Polemik Pemblokiran: Menyepakati Standar, Mencegah Onar

http://us.images.detik.com/content/2015/03/31/398/sufyan35.jpgMuhammad Sufyan. (dok. pribadi)


Jakarta - “Information society,where knowledge is king, and information revolution,” Hamis McRae (The World in 2020 Power Culture & Prosperity: 1996)

Sejak Senin (30/3) malam, sebagaimana diwartakan detikINET, netizen di Indonesia riuh rendah membahas pemblokiran puluhan laman oleh Kementerian Komunikasi dan Informatika (Kominfo) mengacu rekomendasi Badan Nasional Penanggulangan Terorisme (BNPT).


Dengan alasan bernuansa radikalisme, sekalipun masih debatable, laman tersebut dimatikan regulator. Sebagai premis pertama dari perspektif ilmu komunikasi, nyata nian bahwa masyarakat informasi kian banyak terbentuk di Indonesia.

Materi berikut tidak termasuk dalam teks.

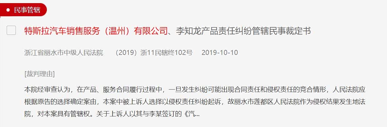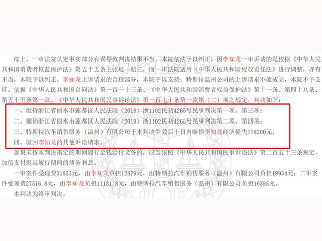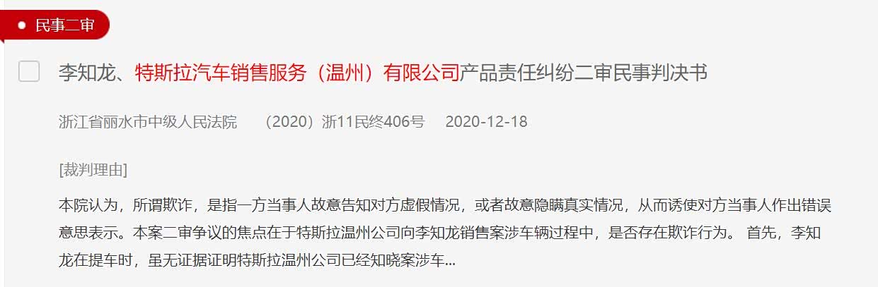 2019年10月在浙江省丽水市莲都区人民法院作出初审判决,车主李先生胜诉。特斯拉温州公司被判退还购车款778200元,以及退还车辆保险费16275.06元,并向车主赔偿经济损失180000元。但特斯拉遂方面还是向浙江省丽水市中级人民法院提起上诉。
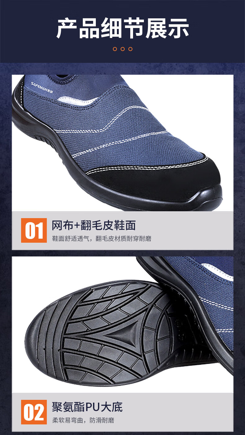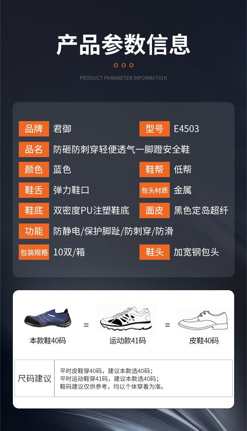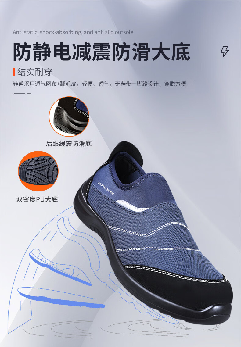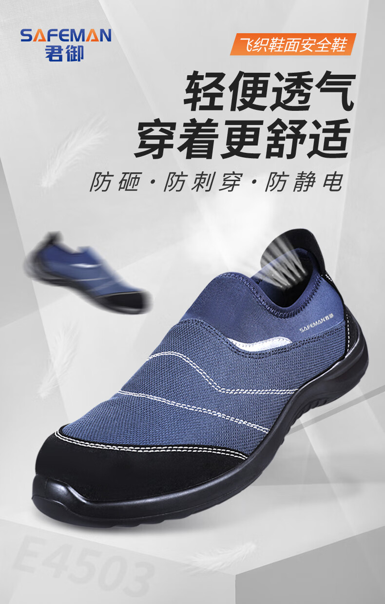 君御 防砸防刺穿防静电安全鞋 E4503 蓝色 36码 1双

Masyarakat yang berbasis data, fakta, dan pengetahuan itu, secara empirik mengakses dan memantau sejumlah laman radikal yang sebagian besar tumbuh sebagai imbas fragmentasi Pemilu Presiden 2014. Persoalannya kemudian, pengetahuan itu dari awal dianggap propaganda satu kubu.


Lama-lama, propaganda berbasis fatsun politik itu malah berevolusi menjadi kobaran fundamentalisme -- beberapa menggelorakan perjuangan ISIS. Entah ada kaitan langsung atau tidak, kepergian sejumlah WNI ke Suriah belum lama ini, kian meneguhkan efek sebaran informasinya.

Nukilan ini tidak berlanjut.